I'm a fairly slow solver and Thursday is often a good TV night for me. However yesterday evening there was only a repeat of something that I'd seen fairly recently and my wife decided to watch something else so I had a go at A82 and just kept going.

I see that Afmob's walkthrough is very different from mine. More interactions between cage combinations, such as the one mentioned in the introduction to Afmob's walkthrough. Maybe I don't spot those as easily because the only combinations I see are those I can work out by mental arithmetic, those I get by using Ruud's combination calculator and those I've already typed into my walkthrough, if I still remember them or look at them.

[gary w]

Maybe I was lucky but this one turned out to be one of the easier ones for me..took about 45 mins to complete.I'ld rate it as 1.0 max.

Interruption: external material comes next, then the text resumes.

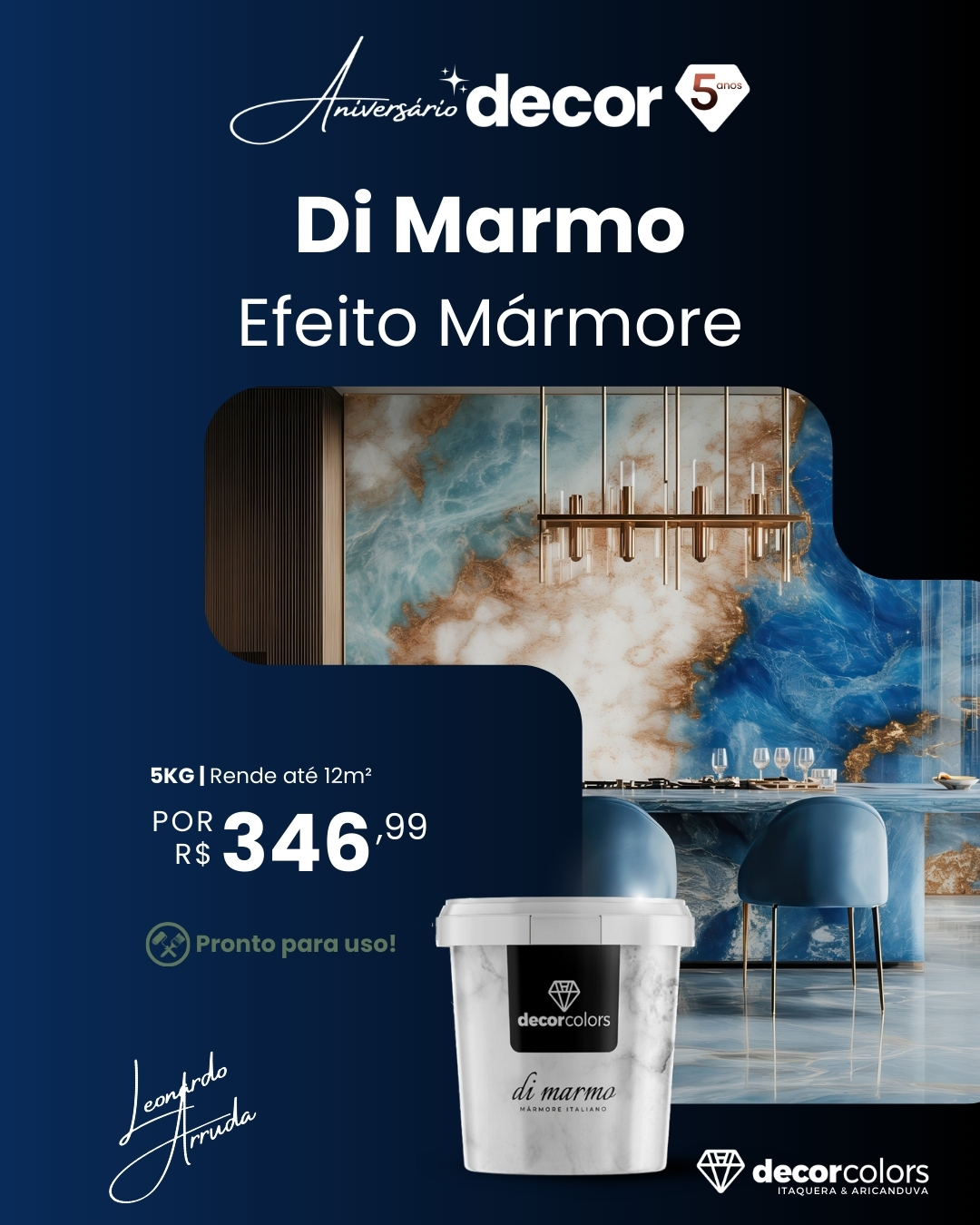 O Di Marmo Efeito Mármore da Decor Colors proporciona sofisticação e elegância para suas paredes, recriando o visual nobre do mármore com um acabamento refinado e exclusivo.

1.I c1-4-> r4c4=4 -> r34c5=11 =56/38/29 so 10(3) cage N8 <>235
2.So 10(3) cage N8 contains a 1.So r9c3=1 r9c4=3.
3.4 outies N1=30 so r123c4=21-24 ie no 1/2/3 so in c4 1 at r56.So 2 cannot also be at r56c4 so in c4 2 at r78.10(3) n8={145}
4.r1256c5=24 and r12 is max 11 so r56c5 min 13 so no 2/3.In N5 2 and 3 in c6.In N2 2 and 3 in c5.
5.O r123 -> r4c2458=22 -> r4c5=8/9 so r3c5=2/3.
6.O N3 -> R1C6+R3C6+R4C8=10.So r1c6<>4 (if so -> r4c8=1 [2/3 impossible combos] r3c6=5 and then an impossible 3 at r3c7).Thus r2c6=4 -> r12c5={26} -> r3c5=3 r4c5=8 r3c67=17.
7.In N8 6 must be in c6.So r56c4={16}.All over now.

Surprisingly didn't really need to use innies of n4={789} or innies c89 -> r15c8={89}.



Regards

Gary

p.s and a Happy Christmas and a prosperous new year to everyone!!